◆ **Task objective**
Could you output each line below exactly as it appears, excluding any pictures?

◆ **Recorded data**
[Start of Attachment]
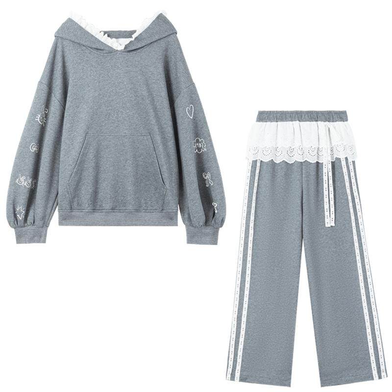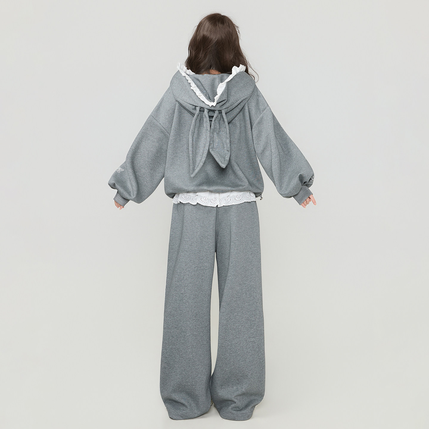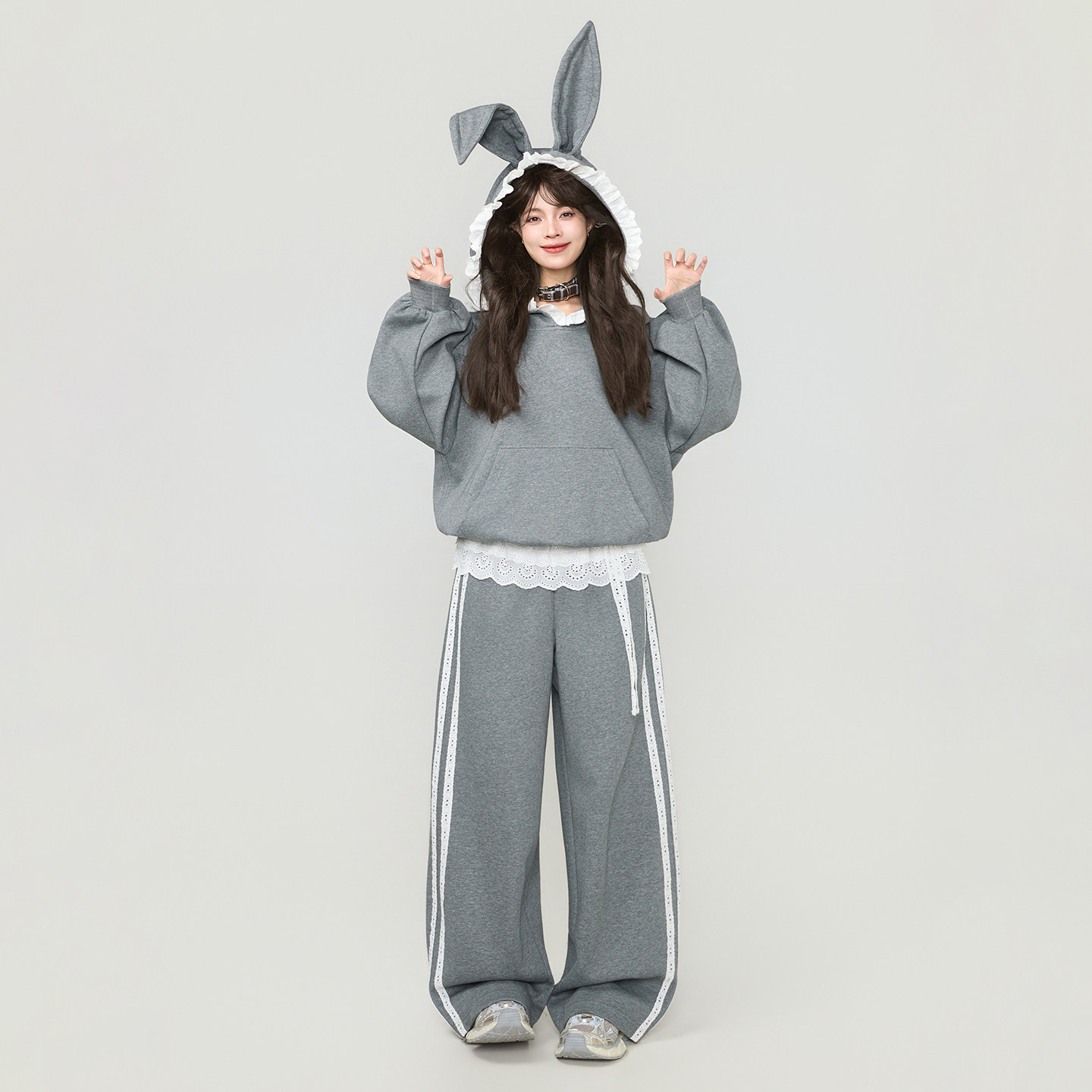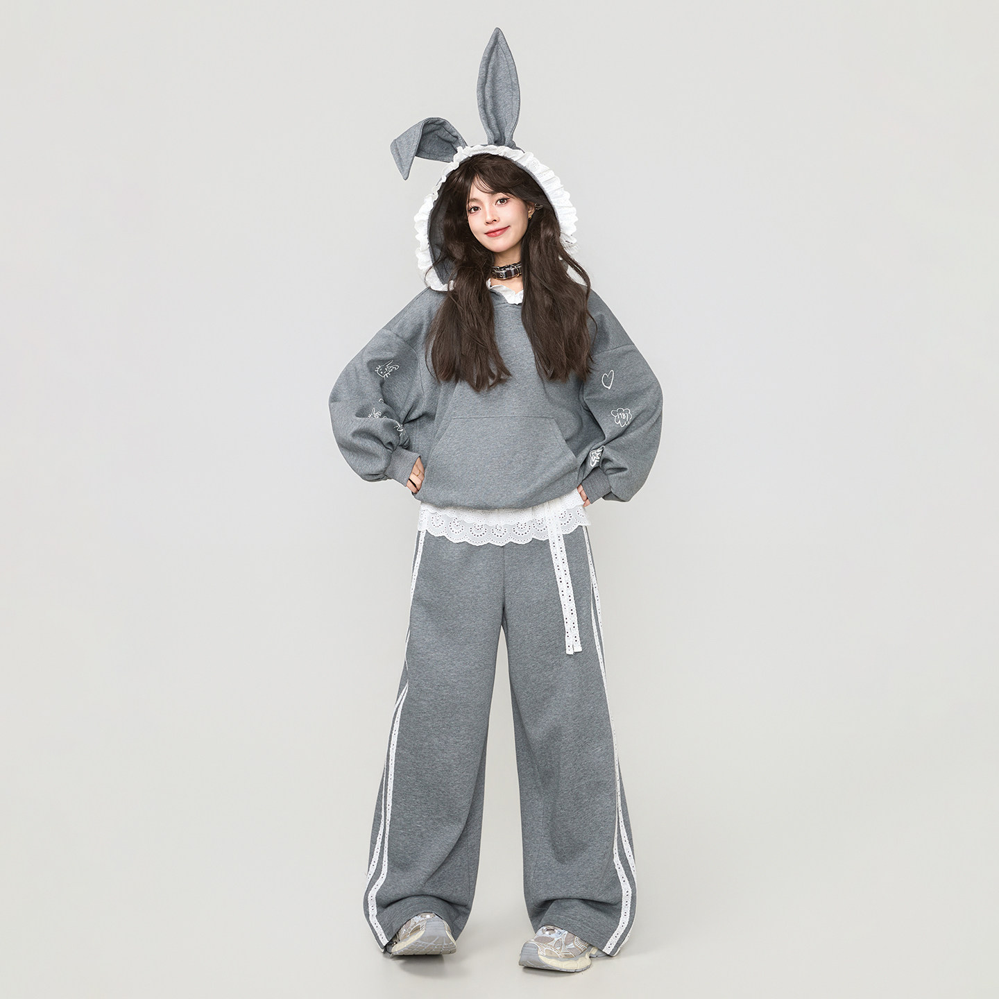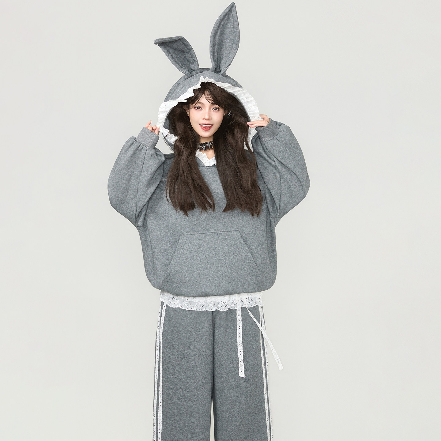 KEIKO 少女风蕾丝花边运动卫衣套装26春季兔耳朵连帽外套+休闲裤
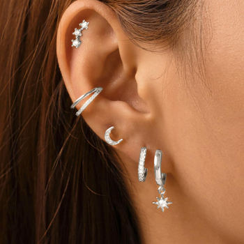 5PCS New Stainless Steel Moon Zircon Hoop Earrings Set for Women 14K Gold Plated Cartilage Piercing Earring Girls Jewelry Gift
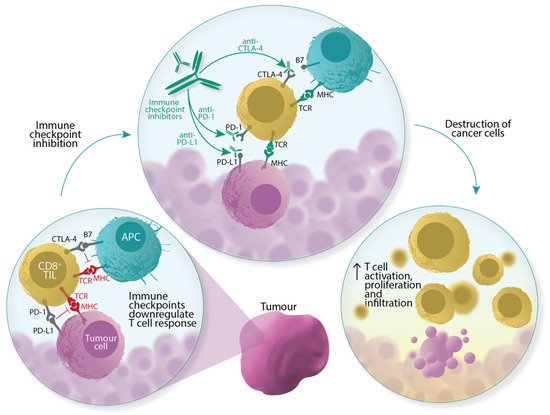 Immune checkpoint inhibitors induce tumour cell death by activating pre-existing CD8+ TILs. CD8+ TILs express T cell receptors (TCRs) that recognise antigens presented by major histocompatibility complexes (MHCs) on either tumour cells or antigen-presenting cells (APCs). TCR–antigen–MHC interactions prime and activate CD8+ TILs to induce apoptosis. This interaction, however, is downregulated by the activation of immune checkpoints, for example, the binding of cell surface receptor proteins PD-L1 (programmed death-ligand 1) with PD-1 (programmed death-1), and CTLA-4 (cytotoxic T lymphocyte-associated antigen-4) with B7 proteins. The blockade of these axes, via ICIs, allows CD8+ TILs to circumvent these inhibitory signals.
[End of Attachment]
◆ **Output of the exercise**
 KEIKO 少女风蕾丝花边运动卫衣套装26春季兔耳朵连帽外套+休闲裤
 5PCS New Stainless Steel Moon Zircon Hoop Earrings Set for Women 14K Gold Plated Cartilage Piercing Earring Girls Jewelry Gift
 Immune checkpoint inhibitors induce tumour cell death by activating pre-existing CD8+ TILs. CD8+ TILs express T cell receptors (TCRs) that recognise antigens presented by major histocompatibility complexes (MHCs) on either tumour cells or antigen-presenting cells (APCs). TCR–antigen–MHC interactions prime and activate CD8+ TILs to induce apoptosis. This interaction, however, is downregulated by the activation of immune checkpoints, for example, the binding of cell surface receptor proteins PD-L1 (programmed death-ligand 1) with PD-1 (programmed death-1), and CTLA-4 (cytotoxic T lymphocyte-associated antigen-4) with B7 proteins. The blockade of these axes, via ICIs, allows CD8+ TILs to circumvent these inhibitory signals.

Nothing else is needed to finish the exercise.